Chiedetelo ad un folle cos’è la felicità. Guardatelo ridere, urlare, saltare di gioia. Osservate i suoi movimenti confusi, morbidi. Ascoltate i suoi versi senza senso, sillabe che corrono veloci, liberate dalla morsa dei denti.
Chiedetelo ad un bambino cos’è la felicità. La sola parola basterà ad illuminare il suo viso di un sorriso contagioso, intimo. Scrutate nei suoi occhi la profonda bellezza che affiora. Non c’è ombra, non c’è rimorso.
Chiedetegli cosa lo rende felice e vi elencherà una lista interminabile di piccole cose, apparentemente banali, profondamente essenziali.
Non chiedetelo a noi sciocchi. Noi che ci facciamo dominare dalla ragione. Noi segnati dall’esperienza. Per noi la felicità è mutevole, sfuggente, impalpabile. è il riflesso del sole sulle increspature delle nostre onde. Dura il tempo necessario a rincorrerne un’altro, più forte, più abbagliante.
Per noi la felicità è l’ora di pittura tra filosofia e matematica, è quell’ inafferrabile lampo tra il desiderio e il rimorso.

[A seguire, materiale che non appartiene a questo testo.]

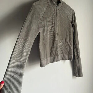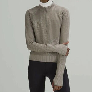 Lululemon Rest Less Cropped Half Zip Top Grid Warp Rover Raw Linen
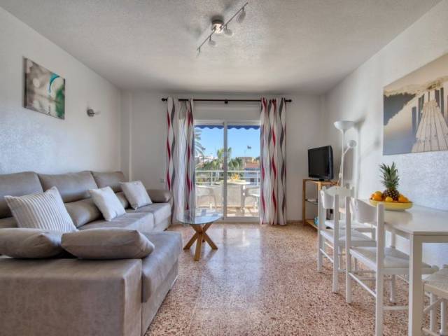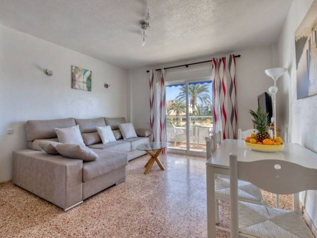Apartamento de 3 estancias 68 m2 en el 3° piso. Con mobiliario funcional: salón-comedor con TV satélite y TV digital (pantalla plana), aire acondicionado. Salida al balcón. 1 dorm. con 1 cama de matrimonio y aire acondicionado. 1 dorm., pequeño con 2 camas y aire acondicionado. Cocina (horno, microondas, cafetera eléctrica). Ducha/WC. Calefacción eléctrica. Balcón grande. Muebles de terraza. Vista a la piscina y al jardín. El alojamiento dispone de: lavadora, caja fuerte. Internet (Wifi, gratis). Plaza de aparcamiento (vallada). Permitido máximo 1 mascota / perro. AT-443227-A
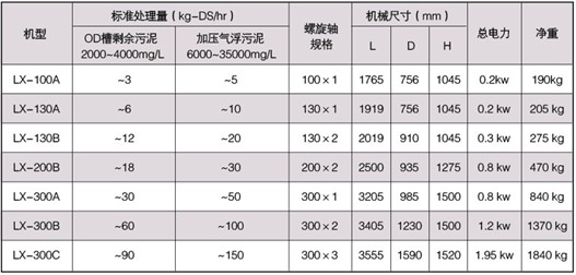 注:1、上表為參考值,處理量取決于污泥的性質和濃度。
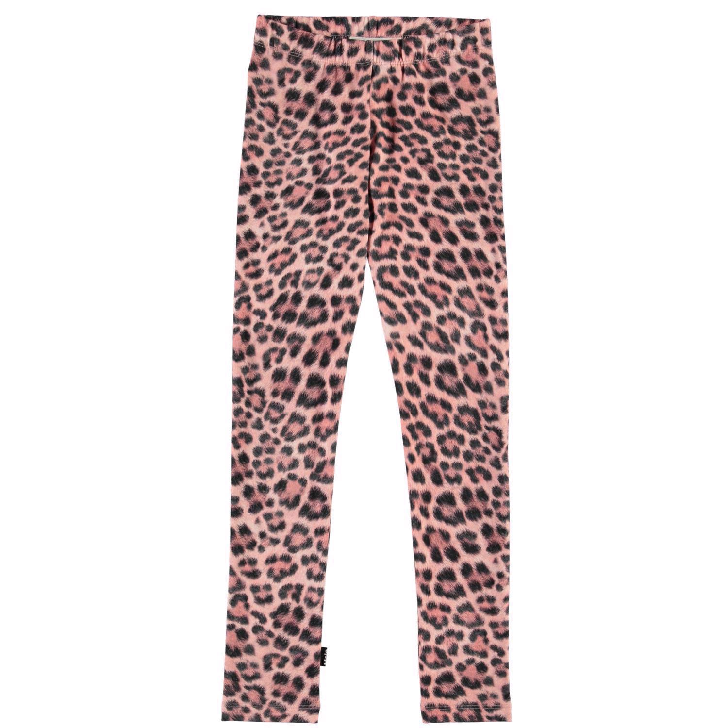 Molo's classic, long leggings in a pink leopard print. The leggings are constructed in a stretchy cotton blend, and they have an elastic waist for a good fit.
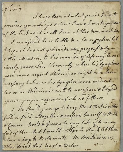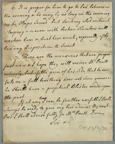 | Summary | Reply, in the form of a retained loose, neat draft in Cullen's hand, to a Mr Pratt, regarding the case of his son and briefly mentioning that of his wife. Cullen gives directions for the son (who is consumptive), and says that directions for the wife will follow in next post. Date is inferred from that of the follow-up letter concerning Mrs Pratt. |
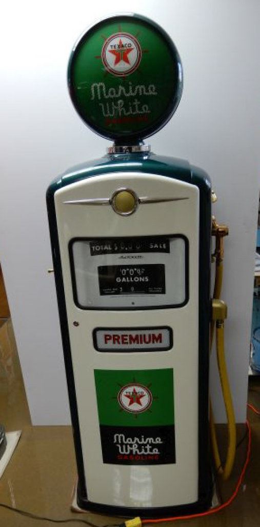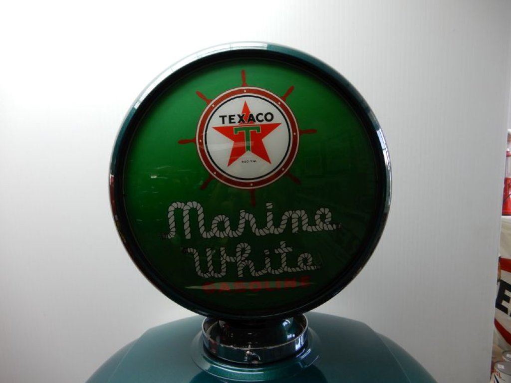 TEXACO MARINE WHITE GAS PUMP PROFESSIONALLY RESTORED - METAL BODY GLOBE - GLASS 13 1/2" LENSES - BRASS NOZZLE & CRANK LOCATION: LOWER RIGHT

Troppo breve per essere compresa, troppo penetrante per non essere pretesa.
Non chiedetelo a noi sciocchi che passiamo la vita a ricercarla, altrove da noi, nelle cose che diventano, col passare degli anni, sempre più articolate e complesse e abbiamo perso gli strumenti per poterla assaporare. Piccoli bocconi, una volta ogni tanto. Praticamente una carestia.
Che cos’è la felicità?
Sorpresa, amore, tenerezza, bellezza. Novità soprattutto. Veloce e intensa. In definitiva il gelato alla nocciola prima che ti coli sulla maglietta pulita tra pentimenti e imprecazioni.